The moment I finished I was back down the stairs.

The basement settled around me, familiar and quiet, the candles throwing their steady light across the stone walls and the cushions and the encyclopedia sitting where I'd left it on the floor.

I stood in the center of the room.

Took one short breath.

Closed my eyes.

I found it immediately this time. No searching, no reaching into the dark hoping to find something. It was right there, sitting just below the surface, waiting with the patience of something that had always been there and had simply needed to be named.

I pictured myself outside myself. The soul untethering, the way the book described it. Not metaphor. Actual separation, the essential thing stepping slightly free of the body that housed it.

"Kronos."

The world stopped.

Every candle flame arrested mid-flicker. The faint sound of the house above me, footsteps and the settling of timber and the distant river, all of it cut out simultaneously like someone had lifted a needle from a record. The dust hanging in the air above the bookshelves hung there, suspended, going nowhere.

The figure rose behind me and above me, its vast presence filling the low space without quite touching the walls, the aperture where its face should have been opening onto that impossible depth. Its hand descended into mine.

Three seconds.

Then the world resumed.

Kronos folded back in, the candles moved again, the river returned, and I was standing in the quiet basement with my hand slightly raised and my heart going considerably faster than normal.

I stared at the far wall.

Then I made a sound that was not dignified. A shout, actually, loud enough to bounce off the stone walls and probably travel up through the floorboards, the specific unrestrained shout of someone who has been working toward something for a very long time and has finally, unambiguously arrived at it.

I threw both fists up.

I paced a circle on the stone floor, still making noise, the kind of noise that would have been embarrassing in front of anyone and was completely acceptable alone in a basement.

I did it. After months of the same passage, the same frustrating almost, the same wall between intention and result. I had a name and a response and a real manifestation that froze the world for three seconds and it was mine. Actually mine.

Footsteps on the stairs.

Reesay appeared at the bottom with a small plate in her hand, expression slightly cautious in the way of someone who had heard an alarming sound and come to assess it.

"You forgot your dessert, young master."

I straightened up immediately. Cleared my throat. Attempted to look like someone who had been conducting quiet academic research and had not just been running in circles shouting.

"Oh. I'll be up in a second."

She looked at me. At my expression specifically, which I apparently wasn't controlling as well as I thought.
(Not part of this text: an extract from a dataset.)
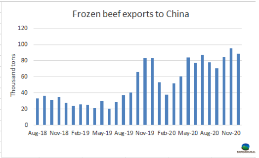 2020年第四季度烏拉圭牛肉進口量下降了28%

"You seem quite happy. Did something work out?"

I looked at her.

The smile came before I could moderate it. Wide, genuine, the kind that didn't leave room for the composed version.

"Kronos," I said.

The world stopped.

Candles frozen. Sound gone. Everything arrested in its moment.

I moved.

Three seconds wasn't long but I knew exactly what I wanted to do with them. I crossed the space between us in four quick steps, ducked around behind Reesay. 

I fell on her.

Hugged her, on her bum.

It was slightly bigger than her chest, but wasn't as soft as her front breasts, but it was confortable.

I placed my arms around her.

I was too short to reach her chest, oh well.
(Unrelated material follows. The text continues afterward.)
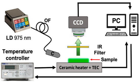 Schematic representation of the experimental setup used to analyze the fluorescence from the PDMS-YbEr membranes as a function of temperature: light from a laser diode (LD) coupled to an optical fiber (OF) is collimated (C) and used to irradiate the sample. The fluorescence from the membrane is captured by a CCD camera after filtering the residual IR radiation. Temperature adjustments are made by a TEC controller connected to a personal computer (PC), which is also for image acquisition.

I placed them around her waist, right at her private area.

I hugged her tight.

I wasn't controlling myself.

The world resumed, although I would've prefered it stayed frozen like that for a bit longer.

Reesay blinked and let out a soft cry like moan. Looked at where I had been standing.

Nothing there.

She turned around feeling my touch.

I let go and stepped back.

Reesay kneeled down. Pinched my cheek, the one I could still feel burning from the exertion, already flushed hot.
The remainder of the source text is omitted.